Home Technology Running List: Top Tech Layoffs of 2026 When Employers Mention AI

Running List: Top Tech Layoffs of 2026 When Employers Mention AI

Running List: Top Tech Layoffs of 2026 When Employers Mention AI

Oracle announced Monday that it has cut 21,000 employees over the past 12 months, a 13% decline and represents more job cuts than previously known, including in AI. “Workforce reductions can and will continue as we adopt and deploy AI technologies across the company’s operations,” the company said in its annual financial regulatory filing.

This revelation puts new numbers on what many in the tech industry feel is an epidemic. Companies are reporting record profits while shedding employees, pointing to AI as both an engine of growth and a reason for cuts. Skills layoffs hit their highest month in years in May, with AI being the most cited reason, according to outplacement firm Challenger, Gray & Christmas.

We recently wrote about why this rationale might make companies want to rethink it. Especially for many of these companies, as the roles they are currently shrinking have become inflated during the pandemic hiring surge, raising questions about what is actually happening. Below, we take a reverse chronological look at the large technology companies that have announced significant layoffs this year with AI as a key driver.

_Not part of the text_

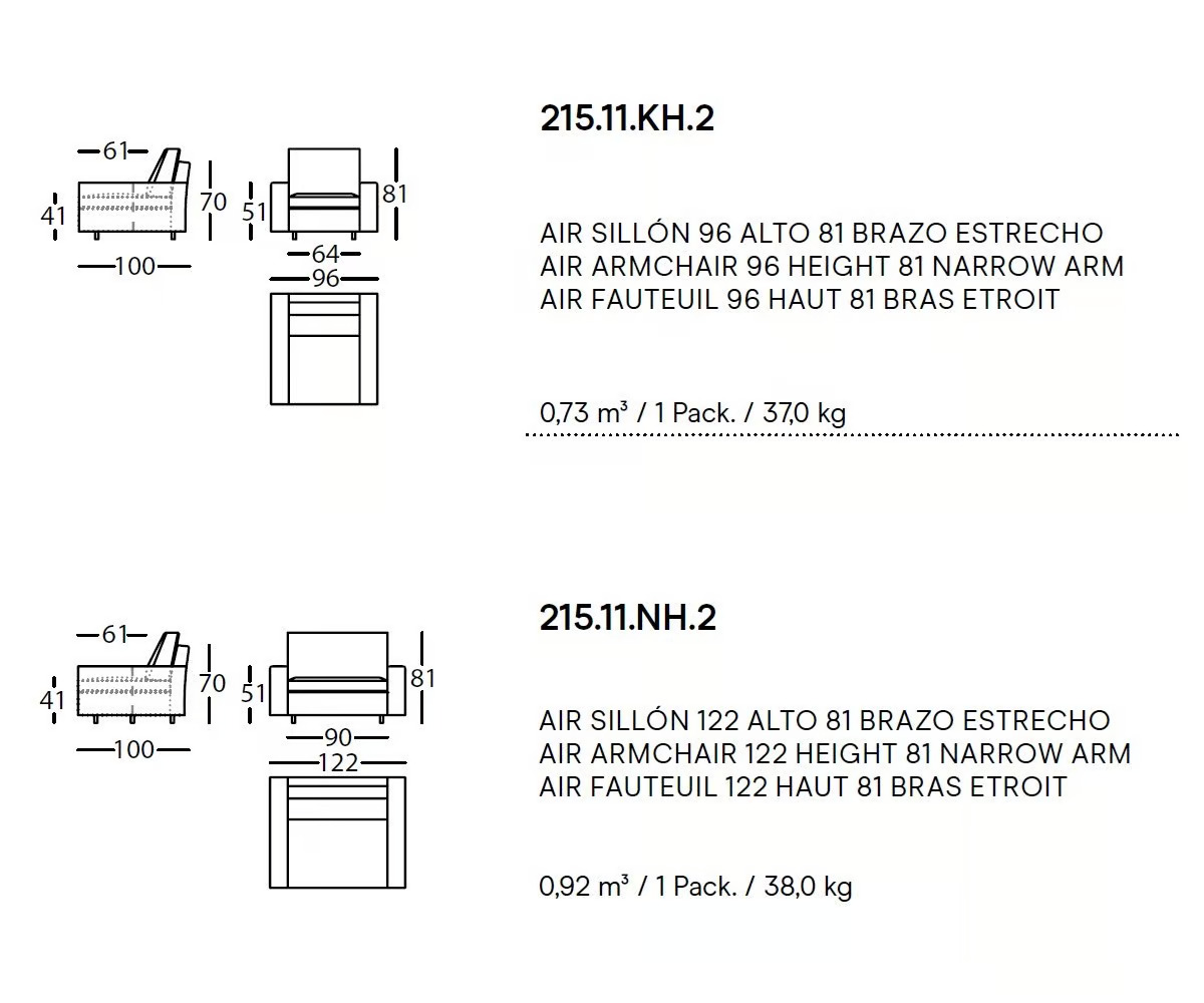 Az Air karosszék sokoldalúságát a mélység és magasság egyszerű variációival elérhető különböző kompozíciók jellemzik. A háttámla magassága választható 81 vagy 88 cm között. A karok háromféle kialakítása – széles, keskeny és magas – további lehetőségeket kínál, például kárpitozott asztalok, puffok és extra párnák formájában. A magas kar opció ideális sarokmodul kialakításához. A bükkfa lábak visszahúzottak, így a karosszék szinte lebeg a levegőben. A kárpitozott változat teljesen levehető huzattal rendelkezik, fa szerkezete CMHR 30kg habbal és 100g szálas héjjal van ellátva. Az ülőfelület 80mm NEA rugalmas szalaggal és CMHR 35kg habbal van felszerelve. A háttámla CMHR 30kg és CMHR 60kg habot tartalmaz. A párnák kétféle magasságban elérhetők, szilikon szálas belsővel. A fekete pácolt bükkfa lábak elegáns megjelenést biztosítanak.

GitLab — June 3, 2026. In one of the most recent cuts on this list, GitLab laid off about 350 employees, about 14% of its workforce, to fund investments in AI infrastructure and handle surging traffic from AI workflows. CEO Bill Staples said agent workloads were pushing competitors over the edge and the company had begun a “generational rebuild” of its core infrastructure to support 100x growth requirements. GitLab is exiting 22 countries, flattening its management hierarchy and working with an unspecified AI lab to rebuild its platform for agent-scale workloads. The company reported first-quarter revenue of $264 million, up 23% year over year, and expects to incur $30 million to $35 million in restructuring costs.

Google — It runs until May. Alphabet’s Google has quietly cut staff across its cloud division, including cybersecurity staff linked to its Threat Intelligence Group and Mandiant, even as its cloud revenue rose 63% to exceed $20 billion for the first time and its backlog nearly doubled to $460 billion. Over the past year, Google has laid off more than a third of the managers who oversee small teams. That means managers have 35% fewer direct reports. Unlike most companies on this list, Google has never released a single overall figure. The cuts were made through a rolling performance review process, voluntary acquisition program and restructuring, with a total of 1,500 to 3,000 more engineers by 2026, according to external estimates.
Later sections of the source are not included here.